Whether I feel joy or pain when I look at my work, it is those feelings that drive me forward and develop me as a potter.

I was born in Topeka Kansas and grew up not far from Kansas City in a small town called Gardner. It is there that I began my work as a potter. A scheduling conflict in high school landed me in a ceramics class where a knack for form, a belief I could do anything, and a willingness to fail repeatedly were all I needed to excel with clay. Several years after graduating high school in 1984, I came to a point where I had no idea what to do with my future; I decided to take a ceramics class at the local community college. I then went to the University of Kansas to study ceramics. There, working 10 to 12 hour days I learned it all, I thought.
While I was at KU, I married my wife Diana and with the news I would soon be a father I decided to leave KU after only one year. I spent that summer building my studio and a two chamber wood kiln. That fall of 1989 I began making pots professionally. I learned very quickly how little I knew. I had no idea what to make or how to sell my work and I had never even been to an art fair.

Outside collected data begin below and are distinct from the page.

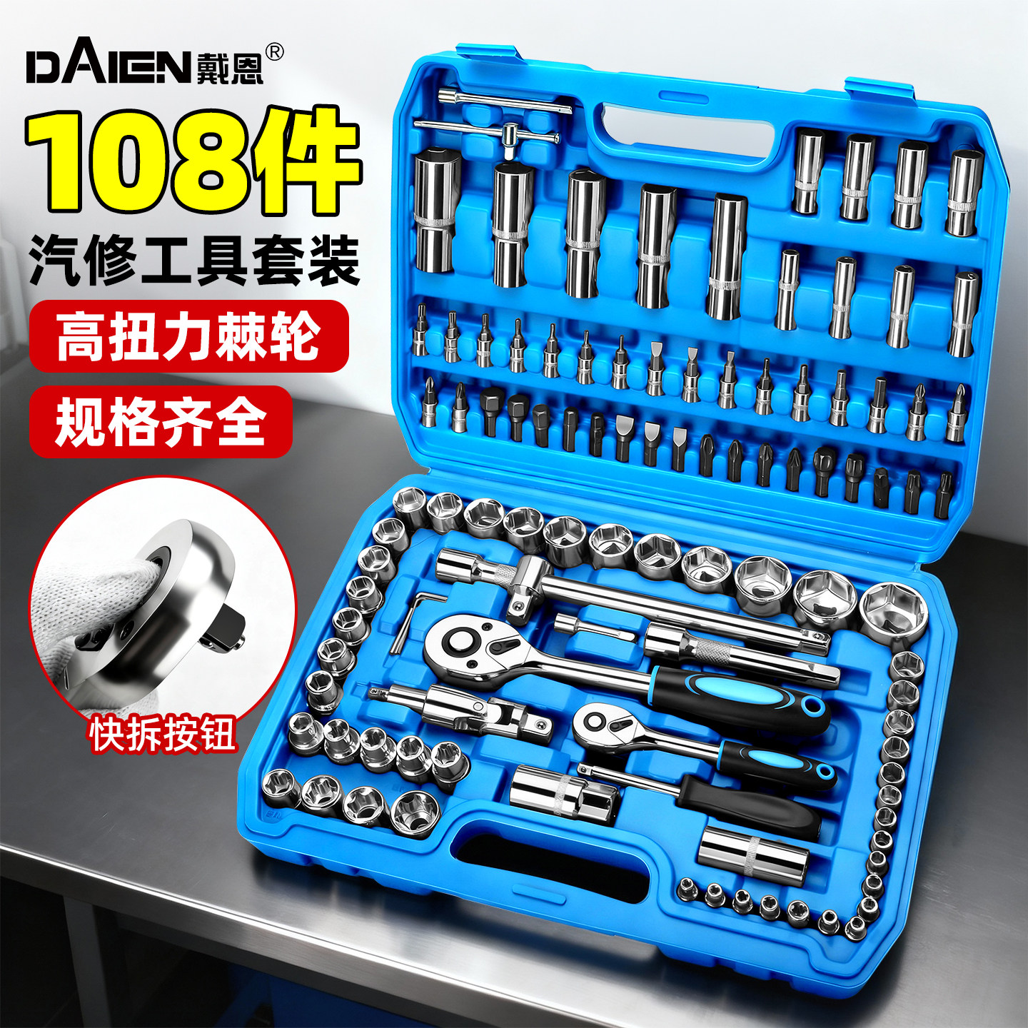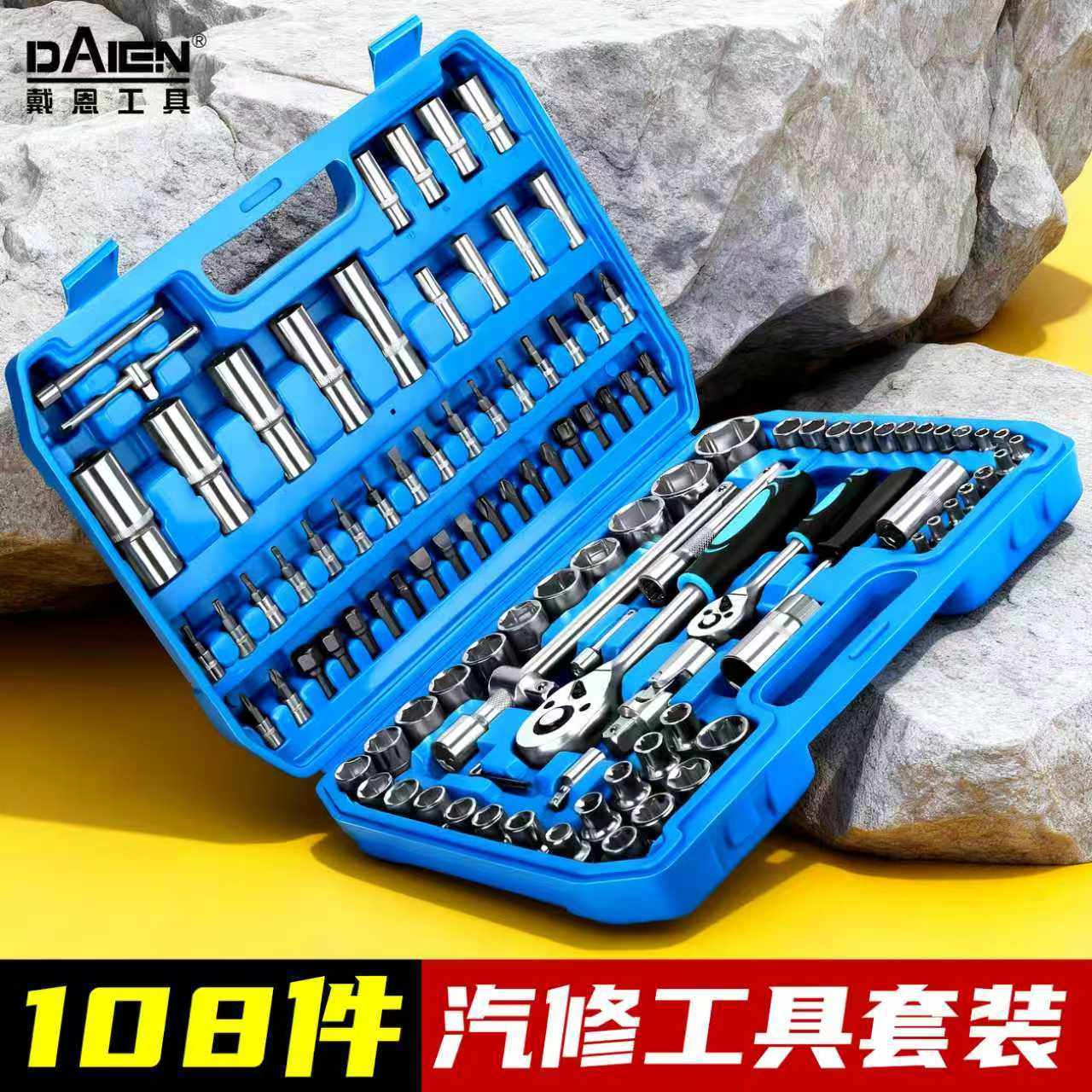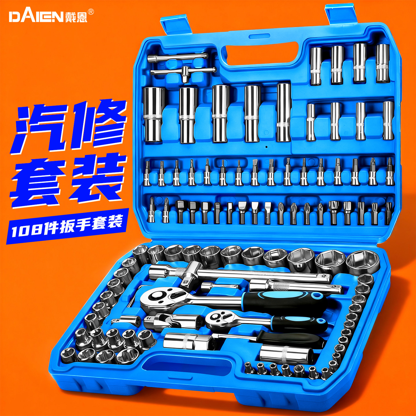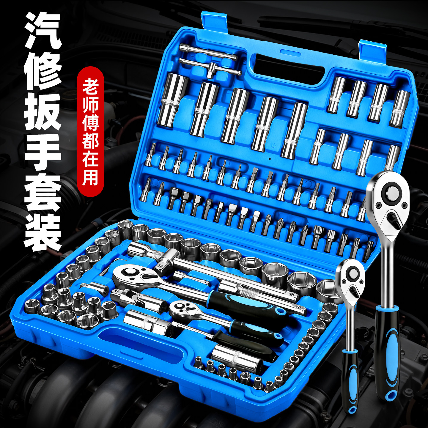 📚 汽修工具套装套筒棘轮扳手组合套管维修汽车修理摩托车工具箱大全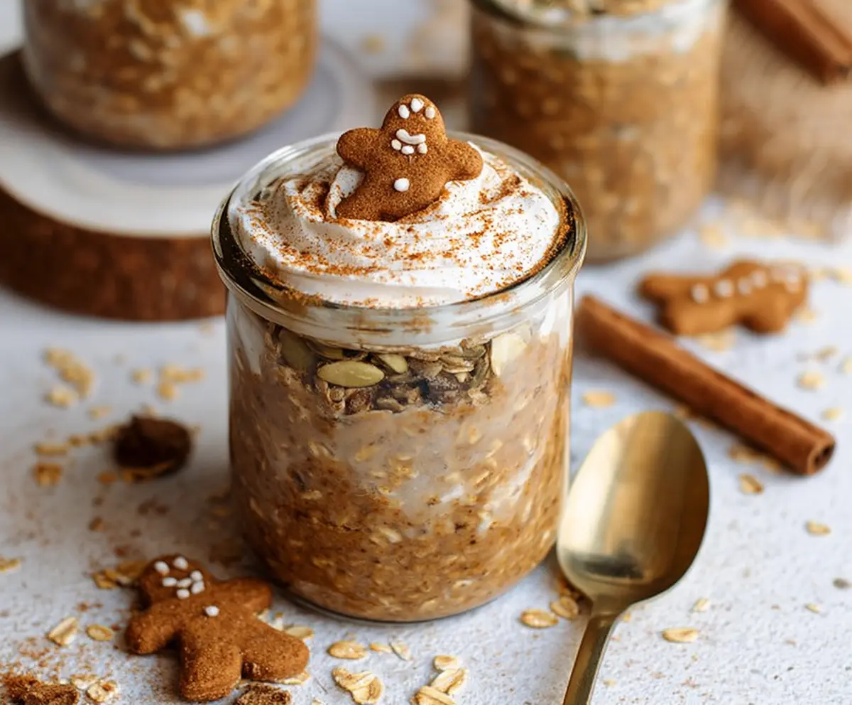 Your delicious, cozy Gingerbread Overnight Oats are ready to enjoy! Dive in and savor each bite.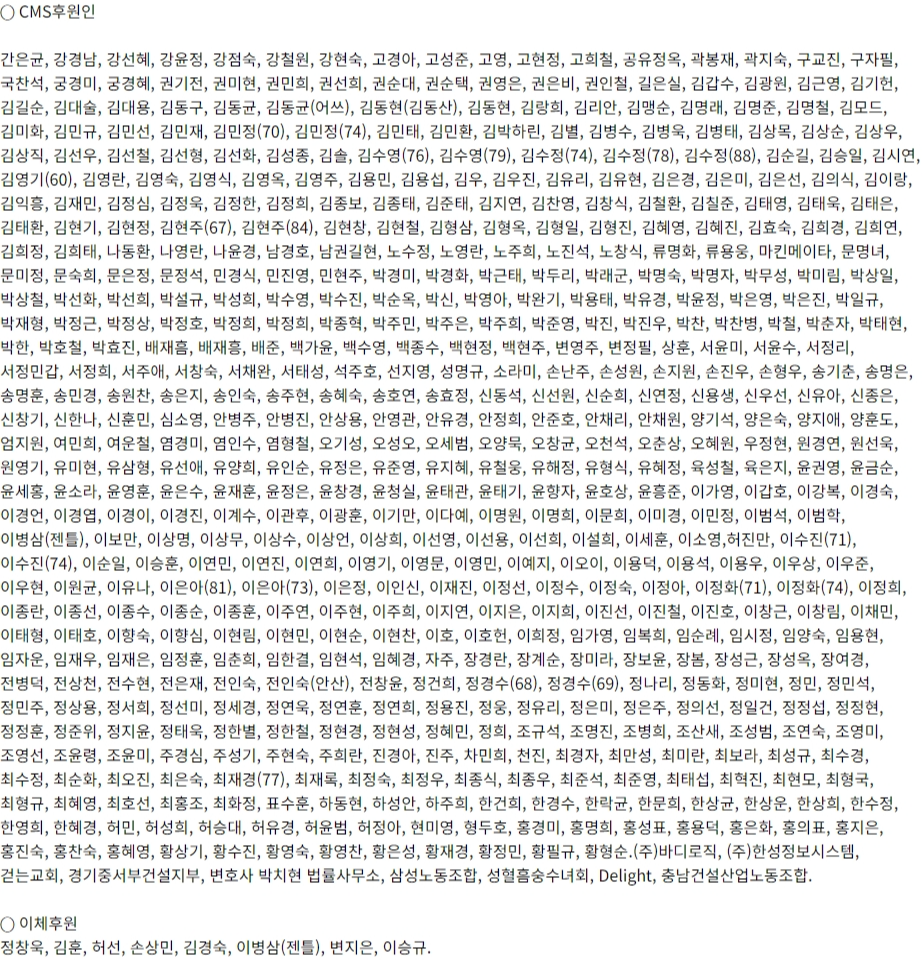 ※ 후원명단 정리 중에 착오로 누락된 후원인이 있을 수 있습니다.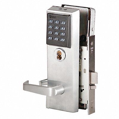 Electromagnetic Lock Mortise Opening Action Electromagnetic Brass Bronze Steel Input Voltage 1.5V DC Features Latch with Key Lever Handle Right Handed Lock Body Length (In.) 10 1/2 in Lock Body Width (In.) 7 1/4 in Lock Body Depth (In.) 6 3/4 in Mfr Series 45HZ Instantaneous Release Delay Satin Chrome Finish Standards ADA ANSI ASTM BHMA UL For Use With Various Door Types Includes Mounting Hardware

Those first years were tough, but in those tough years I found my greatest teachers: the clay itself and the process. The relentless honesty of the clay always and still
placidly demands no less than the absolute, while the process whispers in my ear "Slow down and you will get more accomplished".
Once I found these teachers things started to come together. When I left KU I could throw a three foot tall pot but I could not pull a decent handle on a mug. So I spent the first ten years focusing on mostly functional work while still producing large pieces. I only had two wheels at the time and one always had a big pot turning on it while I was cranking on small work. It felt good to see 100 mugs on a shelf all the same size and form and I began to see how forms do evolve over time. During this period I picked up some wholesale accounts and started going to art fairs. Art fairs were a whole other learning curve.
By the time I was in my early thirties I was making some nice forms and doing well at art fairs. At least my small pieces were. I found that my small functional pots sold well in the street but my larger pieces did not. Of course, my work was evolving in the direction of the larger more sculptural forms and so art fairs became a lot more work than fun. I built 11 different displays in 15 years trying to present the work better as it grew in scale. The hard work payed off and I was able to have some success. I felt as though I was achieving what I set out to do. Ironically as all this was taking place I had change in the back of my mind.
This autumn of 2009 I will have been making pots professionally for twenty tears. My focus is now more on the sculptural vessel and I am exhibiting in galleries and teaching workshops with the occasional art fair. I am switching to cone 6 with an emphasis on soda firing and have even considered the idea of firing in oxidation. Something I would have laughed at ten years ago.
Working in the studio right now is thrilling as well as somewhat tenuous. Armed with my knack for form, my belief I can do anything and my willingness to still fail repeatedly I have faith things will turn out fine.